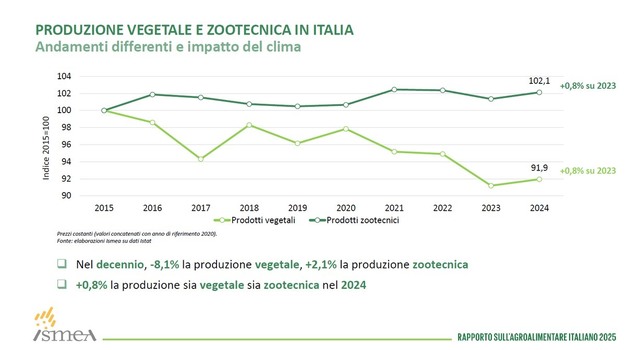 L'analisi della produzione agricola nazionale (calcolata a prezzi costanti con anno di riferimento 2020) rivela una flessione significativa nel lungo periodo: la produzione vegetale ha subito un calo complessivo dell'8,1% nell'ultimo decennio. Tuttavia, il 2024 ha segnato una modesta inversione di rotta per questa categoria. "Nello scorso anno, infatti, la produzione vegetale ha registrato una crescita dello 0,8% rispetto al 2023. Questo andamento positivo si allinea alla crescita generale della produzione agricola (+2,8%) e del Valore Aggiunto agricolo (+2%) registrata nello stesso anno".
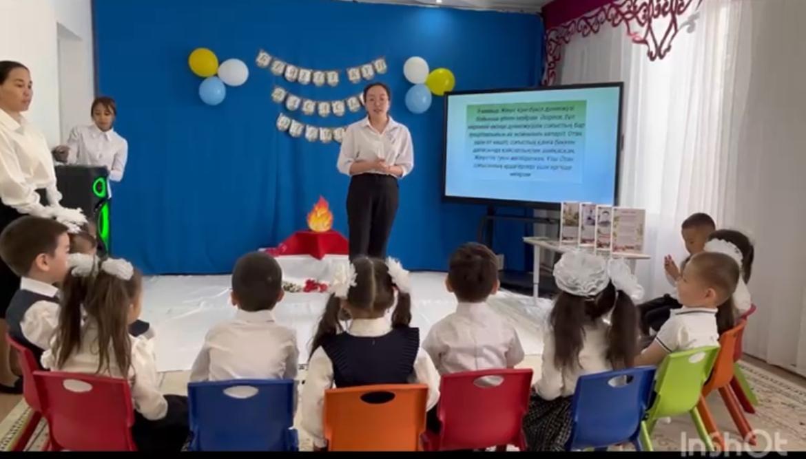 Мақсаты: Отанға деген сүйіспеншілігін арттыру. Балаларға патриоттық тәрбие беру. Балаларды Ұлы Отан соғысындағы ерлікпен таныстырып, ой өрісін дамыту. Үлкендерді сыйлай білуге, оларды қадірлеуге тәрбиелеу.
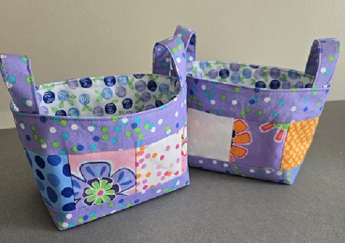 Small charm baskets made with “Fiesta” fabrics measures 6″ x 4″ x 3 1/2″.  Two available in varying prints.  Medium-size basket also available.
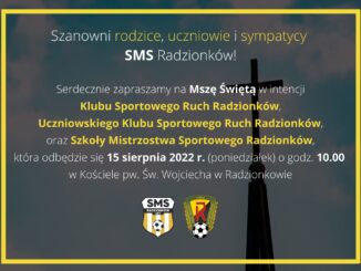 Serdecznie zapraszamy na coroczną Mszę Świętą w intencji Klubu Sportowego UKS Ruch Radzionków i KS Ruch Radzionków oraz Szkoły Mistrzostwa Sportowego Radzionków w poniedziałek 15 […]
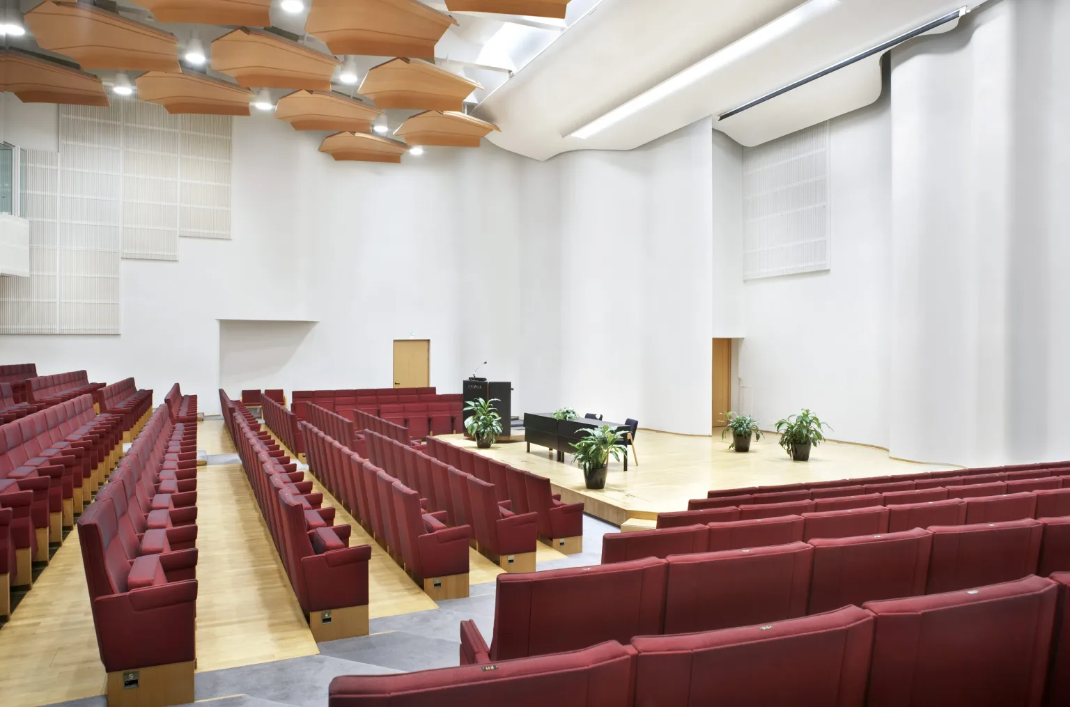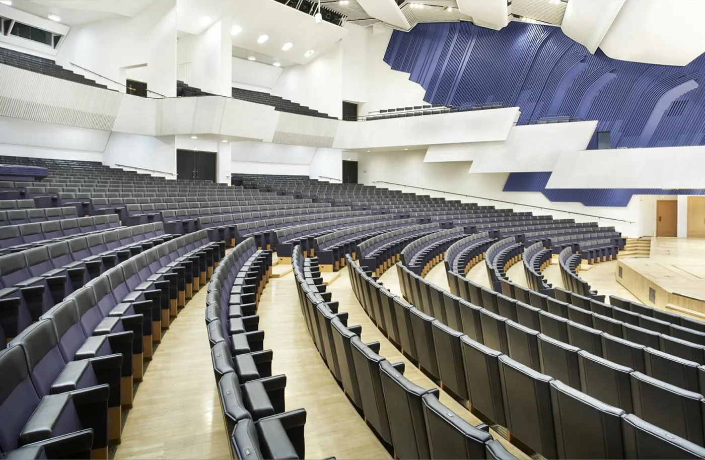 Enligt Aaltos grundsyn ska arkitektur vara en bakgrund för människan. Innehållet i evenemangen ger rummen en färgprakt. Därför riktas inte uppmärksamheten i Finlandiahuset mot fantastiska former eller skrikande inredning, utan mot publiken och artisterna. Tack vare detta är det lätt att anpassa lokalerna för olika evenemang enligt kundernas önskemål.
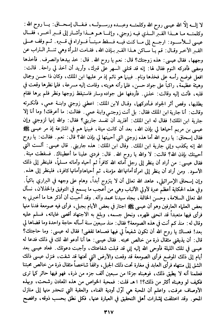 وكلمته ما هذا القبر الذي فيه زوجتي، وإنما هو هذا وأشار إلى قبر آخر، فقال عيسى للأسود: ارجع إلى ما كنت فيه فسقط ميتا فواراه في قبره. ثم وقف على القبر الآخر وقال: قم يا ساكن هذا القبر بإذن الله، فقامت المرأة وهي تنثر التراب عن وجهها، فقال عيسى: هذه زوجتك؟ قال: نعم يا روح الله. قال: خذ بيدها وانصرف. فأخذها ومضى فأدركه النوم فقال لها: إنه قد قتلني السهر على قبرك، وأريد أن آخذ لي راحة. قالت:
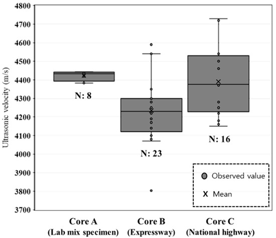 As can be seen in Figure 7, the ultrasonic velocity of the core collected at the site under various conditions is larger than the results of the indoor experiment under limited conditions. This shows that since the ultrasonic wave speed is affected by environmental variables such as relative humidity and temperature, a difference in the ultrasonic wave speed may occur, even in a paved section in a good soundness state. In terms of conservative design and road management, this study developed a methodology for estimating the degradation depth of the pavement by testing the ultrasonic velocity for different locations and environmental conditions and assuming the minimum measurement results for maintaining sound conditions. This method should be understood and regarded as meaningful as a methodological result verifying the degradation depth estimation, which may be lower than the minimum ultrasonic velocity of the good soundness state pavement in this study and the mixing ratio used in the pavement.
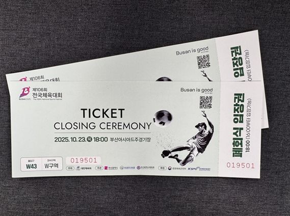 [경남도민뉴스=신석주 기자] 부산시는 오는 10월 23일 오후 6시 부산아시아드주경기장에서 열리는 '제106회 전국체육대회' 폐회식 입장권을 오늘(20일)부터 선착순으로 무료 배부한다고 밝혔다.
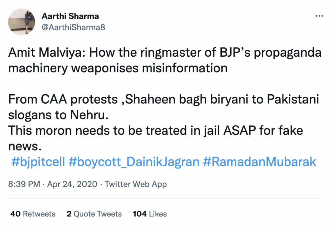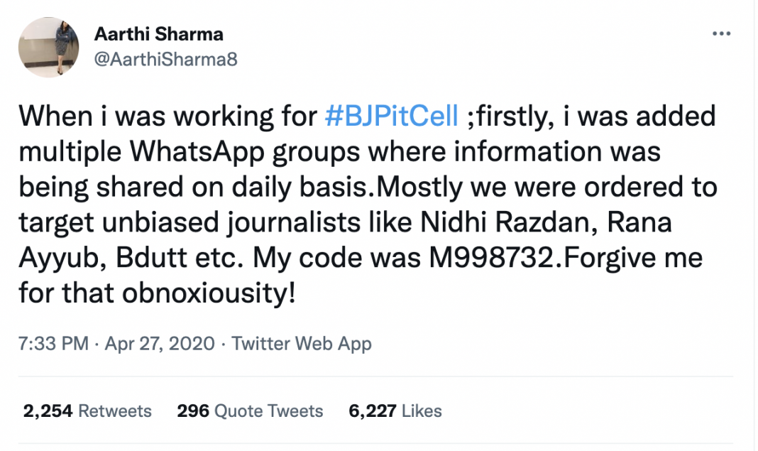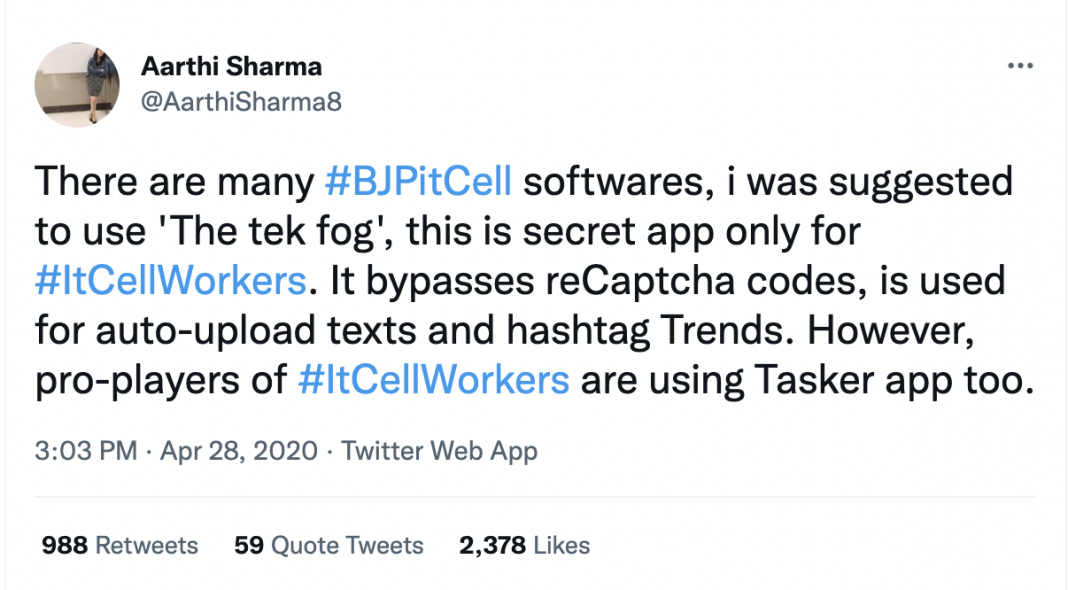 The trigger for Tek Fog were a few tweets by an absolute obscure Twitter account by the name ‘Aarthi Sharma’. The Twitter account was created in April 2020.
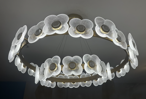 LED, FINISH: BRUSHED GOLD WITH LED PHILOPS CHIP STRIP, CLEAR K9 CRYSTAL WITH MEANWEKK DRIVER
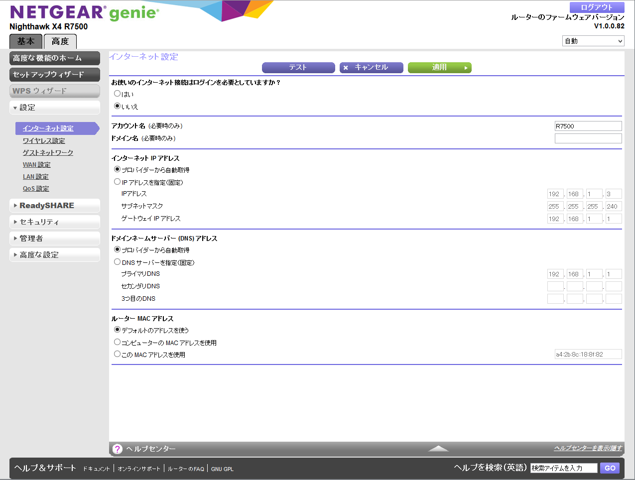 DNSサーバアドレスは設定項目がありませんが、本機のLAN側IPアドレスが使われています。
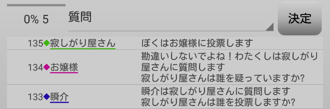 瞬介「AIは吊り先の嘘をつくかもしれないから寂しがり屋さんからも聞いておこう。『寂しがり屋さんは誰に投票しますか』?」
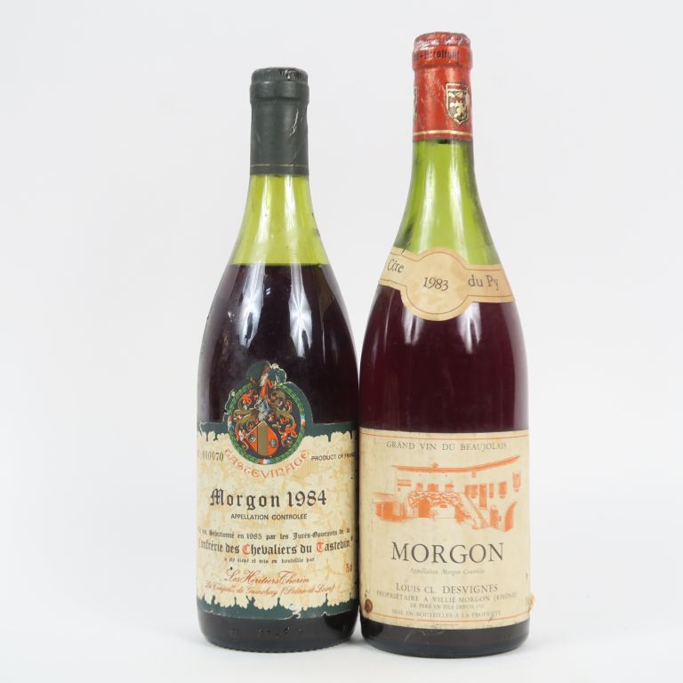 2 BOUTEILLES MORGON : 1 'CÔTE DU PY' LOUIS DESVIGNES 1983 6,5 CM - 1 TASTEVINAGE 1984 5 CM
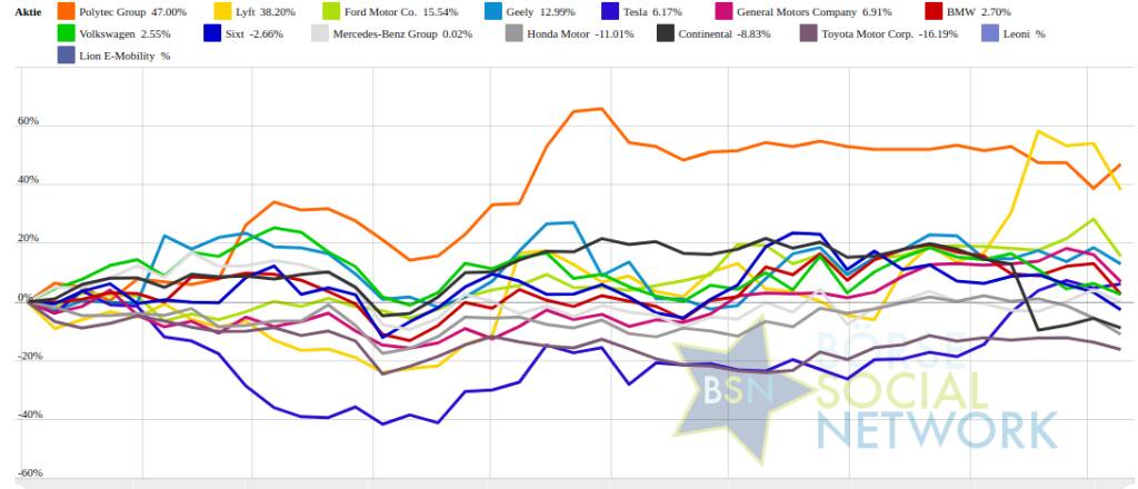 Weitere Highlights: Sixt ist nun 5 Tage im Minus (5,82% Verlust von 81,55 auf 76,8), ebenso General Motors Company 5 Tage im Minus (7,95% Verlust von 60,13 auf 55,35), Lyft 5 Tage im Minus (12,78% Verlust von 22,61 auf 19,72), Continental 4 Tage im Minus (4,47% Verlust von 59,08 auf 56,44), Ford Motor Co. 4 Tage im Minus (10,16% Verlust von 12,7 auf 11,41), Leoni 3 Tage im Minus (77,69% Verlust von 0,13 auf 0,03), Volkswagen 3 Tage im Minus (3,81% Verlust von 94,45 auf 90,85), Toyota Motor Corp. 3 Tage im Minus (5,82% Verlust von 16,99 auf 16), Honda Motor 3 Tage im Minus (8,86% Verlust von 9,23 auf 8,41).
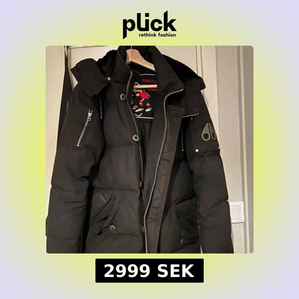 Säljer en svart dunjacka från Moose Knuckles med coola detaljer som dragkedjor och knappar. Jackan har en broderad insida med hockeymotiv och är perfekt för kalla dagar. Den har långa ärmar och en skön passform. Storlek M
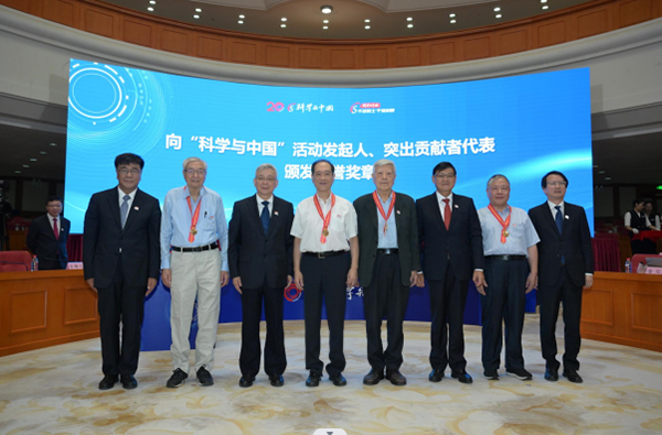 会上,“科学与中国”组委会主任、午夜av 院士杨玉良宣读了《“千名院士·千场科普”倡议书》,号召两院院士进一步发挥“四个表率”作用,以每年千名以上两院院士参与千场以上科普活动为目标,勇担新时代使命、树立大科普理念、坚持人民需求导向、讲好中国创新故事,做国家科普事业的引领者、社会精神文明的创建者、高质量科普的示范者和国际交流合作的带动者,吸引更多科技工作者支持和参与科普事业。大会向“科学与中国”活动发起人代表韩启德、赵忠贤、许智宏、沈保根,以及突出贡献者代表欧阳自远、金涌、郭光灿、叶培建颁发了荣誉奖章。
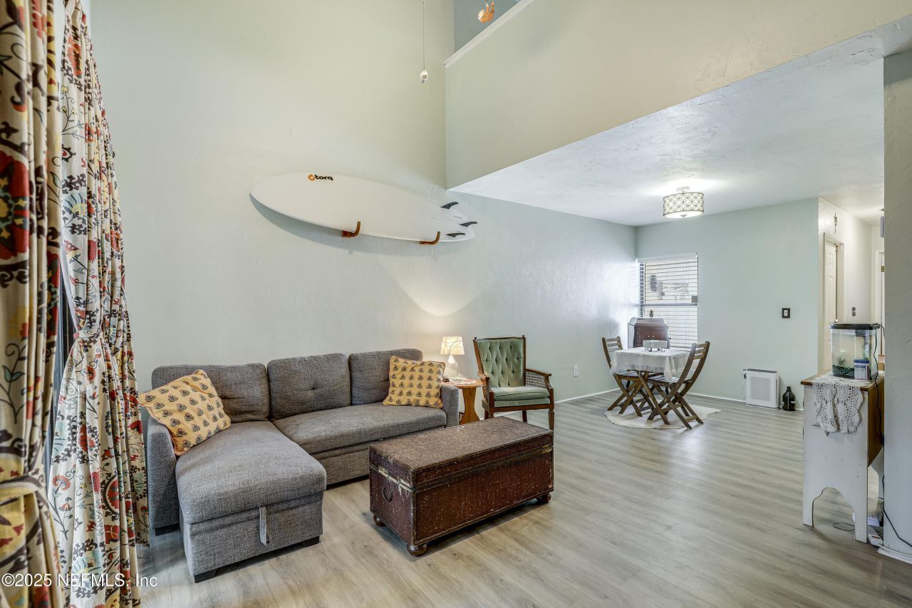 **END UNIT**CLOSE TO THE BEACH** **Inquire for Buyer Credits**Welcome home to this updated corner unit! This delightful home has 2 beds/2baths, plus a FLEX SPACE within the master suite offering opportunity for a huge walk-in closet, a private home office, or even your own yoga studio! Enjoy a thoughtfully designed SPLIT BEDROOM FLOOR PLAN for privacy. Outside, a gated walkway leads to the front door. The FENCED BACKYARD provides a perfect spot for relaxation and entertaining. Unwind in the Florida room, where you can admire the majestic southern oak trees that grace the backyard. Inside, you'll find a laundry room with shelving, and a stylish kitchen boasting an elegant tray ceiling. The 1st bedroom and living room showcase VAULTED CEILINGS. The location is truly unbeatable, just mins from Kathryn Abbey Hanna Park, the beach, and Mayport Naval Station. Don't miss the chance to make this amazing property yours!
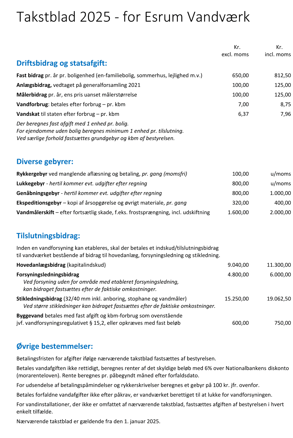 Priser - Takstblad 2025

────────

Assigned task:
Every line of the records above should be reproduced exactly, with no pictures included.

Response area:
 L'analisi della produzione agricola nazionale (calcolata a prezzi costanti con anno di riferimento 2020) rivela una flessione significativa nel lungo periodo: la produzione vegetale ha subito un calo complessivo dell'8,1% nell'ultimo decennio. Tuttavia, il 2024 ha segnato una modesta inversione di rotta per questa categoria. "Nello scorso anno, infatti, la produzione vegetale ha registrato una crescita dello 0,8% rispetto al 2023. Questo andamento positivo si allinea alla crescita generale della produzione agricola (+2,8%) e del Valore Aggiunto agricolo (+2%) registrata nello stesso anno".
 Мақсаты: Отанға деген сүйіспеншілігін арттыру. Балаларға патриоттық тәрбие беру. Балаларды Ұлы Отан соғысындағы ерлікпен таныстырып, ой өрісін дамыту. Үлкендерді сыйлай білуге, оларды қадірлеуге тәрбиелеу.
 Small charm baskets made with “Fiesta” fabrics measures 6″ x 4″ x 3 1/2″.  Two available in varying prints.  Medium-size basket also available.
 Serdecznie zapraszamy na coroczną Mszę Świętą w intencji Klubu Sportowego UKS Ruch Radzionków i KS Ruch Radzionków oraz Szkoły Mistrzostwa Sportowego Radzionków w poniedziałek 15 […]
 Enligt Aaltos grundsyn ska arkitektur vara en bakgrund för människan. Innehållet i evenemangen ger rummen en färgprakt. Därför riktas inte uppmärksamheten i Finlandiahuset mot fantastiska former eller skrikande inredning, utan mot publiken och artisterna. Tack vare detta är det lätt att anpassa lokalerna för olika evenemang enligt kundernas önskemål.
 وكلمته ما هذا القبر الذي فيه زوجتي، وإنما هو هذا وأشار إلى قبر آخر، فقال عيسى للأسود: ارجع إلى ما كنت فيه فسقط ميتا فواراه في قبره. ثم وقف على القبر الآخر وقال: قم يا ساكن هذا القبر بإذن الله، فقامت المرأة وهي تنثر التراب عن وجهها، فقال عيسى: هذه زوجتك؟ قال: نعم يا روح الله. قال: خذ بيدها وانصرف. فأخذها ومضى فأدركه النوم فقال لها: إنه قد قتلني السهر على قبرك، وأريد أن آخذ لي راحة. قالت:
 As can be seen in Figure 7, the ultrasonic velocity of the core collected at the site under various conditions is larger than the results of the indoor experiment under limited conditions. This shows that since the ultrasonic wave speed is affected by environmental variables such as relative humidity and temperature, a difference in the ultrasonic wave speed may occur, even in a paved section in a good soundness state. In terms of conservative design and road management, this study developed a methodology for estimating the degradation depth of the pavement by testing the ultrasonic velocity for different locations and environmental conditions and assuming the minimum measurement results for maintaining sound conditions. This method should be understood and regarded as meaningful as a methodological result verifying the degradation depth estimation, which may be lower than the minimum ultrasonic velocity of the good soundness state pavement in this study and the mixing ratio used in the pavement.
 [경남도민뉴스=신석주 기자] 부산시는 오는 10월 23일 오후 6시 부산아시아드주경기장에서 열리는 '제106회 전국체육대회' 폐회식 입장권을 오늘(20일)부터 선착순으로 무료 배부한다고 밝혔다.
 The trigger for Tek Fog were a few tweets by an absolute obscure Twitter account by the name ‘Aarthi Sharma’. The Twitter account was created in April 2020.
 LED, FINISH: BRUSHED GOLD WITH LED PHILOPS CHIP STRIP, CLEAR K9 CRYSTAL WITH MEANWEKK DRIVER
 DNSサーバアドレスは設定項目がありませんが、本機のLAN側IPアドレスが使われています。
 瞬介「AIは吊り先の嘘をつくかもしれないから寂しがり屋さんからも聞いておこう。『寂しがり屋さんは誰に投票しますか』?」
 2 BOUTEILLES MORGON : 1 'CÔTE DU PY' LOUIS DESVIGNES 1983 6,5 CM - 1 TASTEVINAGE 1984 5 CM
 Weitere Highlights: Sixt ist nun 5 Tage im Minus (5,82% Verlust von 81,55 auf 76,8), ebenso General Motors Company 5 Tage im Minus (7,95% Verlust von 60,13 auf 55,35), Lyft 5 Tage im Minus (12,78% Verlust von 22,61 auf 19,72), Continental 4 Tage im Minus (4,47% Verlust von 59,08 auf 56,44), Ford Motor Co. 4 Tage im Minus (10,16% Verlust von 12,7 auf 11,41), Leoni 3 Tage im Minus (77,69% Verlust von 0,13 auf 0,03), Volkswagen 3 Tage im Minus (3,81% Verlust von 94,45 auf 90,85), Toyota Motor Corp. 3 Tage im Minus (5,82% Verlust von 16,99 auf 16), Honda Motor 3 Tage im Minus (8,86% Verlust von 9,23 auf 8,41).
 Säljer en svart dunjacka från Moose Knuckles med coola detaljer som dragkedjor och knappar. Jackan har en broderad insida med hockeymotiv och är perfekt för kalla dagar. Den har långa ärmar och en skön passform. Storlek M
 会上,“科学与中国”组委会主任、午夜av 院士杨玉良宣读了《“千名院士·千场科普”倡议书》,号召两院院士进一步发挥“四个表率”作用,以每年千名以上两院院士参与千场以上科普活动为目标,勇担新时代使命、树立大科普理念、坚持人民需求导向、讲好中国创新故事,做国家科普事业的引领者、社会精神文明的创建者、高质量科普的示范者和国际交流合作的带动者,吸引更多科技工作者支持和参与科普事业。大会向“科学与中国”活动发起人代表韩启德、赵忠贤、许智宏、沈保根,以及突出贡献者代表欧阳自远、金涌、郭光灿、叶培建颁发了荣誉奖章。
 **END UNIT**CLOSE TO THE BEACH** **Inquire for Buyer Credits**Welcome home to this updated corner unit! This delightful home has 2 beds/2baths, plus a FLEX SPACE within the master suite offering opportunity for a huge walk-in closet, a private home office, or even your own yoga studio! Enjoy a thoughtfully designed SPLIT BEDROOM FLOOR PLAN for privacy. Outside, a gated walkway leads to the front door. The FENCED BACKYARD provides a perfect spot for relaxation and entertaining. Unwind in the Florida room, where you can admire the majestic southern oak trees that grace the backyard. Inside, you'll find a laundry room with shelving, and a stylish kitchen boasting an elegant tray ceiling. The 1st bedroom and living room showcase VAULTED CEILINGS. The location is truly unbeatable, just mins from Kathryn Abbey Hanna Park, the beach, and Mayport Naval Station. Don't miss the chance to make this amazing property yours!
 Priser - Takstblad 2025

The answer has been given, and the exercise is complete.